The Furka Pass was my first morning in Switzerland, and it set expectations that nothing for the rest of the week managed to disappoint. From Realp on the eastern side, the pass rises for 14 kilometres through progressively more dramatic mountain scenery until you arrive at the Rhône glacier — or what remains of it, the ice now visibly retreating year by year, wrapped in white thermal blankets in a heartbreaking attempt at preservation. The view from the top, across to the Grimsel and the Bernese Oberland, is one that rearranges the furniture in your head about what the world looks like.

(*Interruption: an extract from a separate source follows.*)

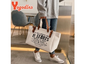 Yogodlns Fashion Canvas Handbag and Purse Female Large Capacity Shoulder Bag Letter Design Crossbody Bag Casual Totes Bag Bolsa
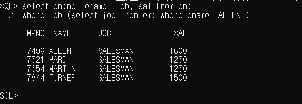 1. 이름이 ALLEN인 사원과 같은 업무를 하는 사람의 사원번호, 이름, 업무, 급여

The Grimsel: Switzerland's Hidden Masterpiece
If the Furka gets the postcards, the Grimsel Pass gets the cyclists. Less famous outside Switzerland, it is in many respects the superior climb — 26 kilometres of consistently excellent road from Innertkirchen, winding past a series of turquoise reservoirs and through tunnels of solid granite before cresting at 2,164 metres above the Totensee lake. The surface is, impossibly, even better than the Furka.
"Swiss roads are what happens when a country decides that infrastructure is not a cost to be minimised but a standard to be maintained. Every pothole fixed promptly, every surface repaved on schedule. For a cyclist, this attention to detail is not a luxury — it is transformative."
The Gotthard Pass — the historic route connecting northern and southern Europe — carries more traffic than the other passes but compensates with history. The old cobbled road, the Via Tremola, runs parallel to the modern tarmac and is open to cyclists. Sixteen kilometres of original 17th-century stone setts, rough and bone-juddering and absolutely spectacular. I rode it both ways — masochism, perhaps, but no regrets.
The Practical Brilliance of Switzerland
The Swiss train network means that any itinerary can be shaped creatively — ride the hard climbs, take the train through the valley. I used it three times without shame and arrived at each day's starting point fresh. The combination of cycling and public transport makes Switzerland uniquely flexible for self-guided riding.
Yes, it is expensive. The reward is that virtually nothing goes wrong, the food is excellent, and the roads make you feel as though you are riding in a commercial for cycling itself.